* Assignment *
Transcribe word for word the section of the records below that opens with the line containing "2015 DMZ 일원" and closes with the line containing "AISSEE 2025 Application Correction: The"; drop every picture.

* Data extract *
_ _ _

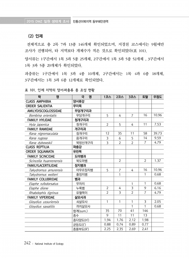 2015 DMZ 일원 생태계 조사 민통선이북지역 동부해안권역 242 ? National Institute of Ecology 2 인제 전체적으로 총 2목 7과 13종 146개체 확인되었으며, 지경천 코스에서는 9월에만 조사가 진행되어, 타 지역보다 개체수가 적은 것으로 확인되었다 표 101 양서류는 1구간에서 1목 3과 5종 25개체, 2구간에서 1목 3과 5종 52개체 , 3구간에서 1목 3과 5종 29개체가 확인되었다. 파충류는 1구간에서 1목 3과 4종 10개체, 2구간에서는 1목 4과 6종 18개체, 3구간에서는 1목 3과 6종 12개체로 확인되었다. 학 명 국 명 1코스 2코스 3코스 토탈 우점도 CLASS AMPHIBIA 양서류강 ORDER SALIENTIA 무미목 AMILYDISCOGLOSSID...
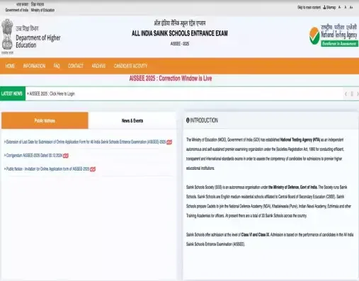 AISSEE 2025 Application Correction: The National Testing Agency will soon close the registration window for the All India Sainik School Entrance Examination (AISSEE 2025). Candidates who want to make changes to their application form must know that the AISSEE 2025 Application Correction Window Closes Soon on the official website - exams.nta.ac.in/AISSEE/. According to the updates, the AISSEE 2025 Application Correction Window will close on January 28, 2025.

_ _ _

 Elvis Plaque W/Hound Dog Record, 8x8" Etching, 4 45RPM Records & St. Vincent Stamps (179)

_ _ _

* Answer *
 2015 DMZ 일원 생태계 조사 민통선이북지역 동부해안권역 242 ? National Institute of Ecology 2 인제 전체적으로 총 2목 7과 13종 146개체 확인되었으며, 지경천 코스에서는 9월에만 조사가 진행되어, 타 지역보다 개체수가 적은 것으로 확인되었다 표 101 양서류는 1구간에서 1목 3과 5종 25개체, 2구간에서 1목 3과 5종 52개체 , 3구간에서 1목 3과 5종 29개체가 확인되었다. 파충류는 1구간에서 1목 3과 4종 10개체, 2구간에서는 1목 4과 6종 18개체, 3구간에서는 1목 3과 6종 12개체로 확인되었다. 학 명 국 명 1코스 2코스 3코스 토탈 우점도 CLASS AMPHIBIA 양서류강 ORDER SALIENTIA 무미목 AMILYDISCOGLOSSID...
 AISSEE 2025 Application Correction: The National Testing Agency will soon close the registration window for the All India Sainik School Entrance Examination (AISSEE 2025). Candidates who want to make changes to their application form must know that the AISSEE 2025 Application Correction Window Closes Soon on the official website - exams.nta.ac.in/AISSEE/. According to the updates, the AISSEE 2025 Application Correction Window will close on January 28, 2025.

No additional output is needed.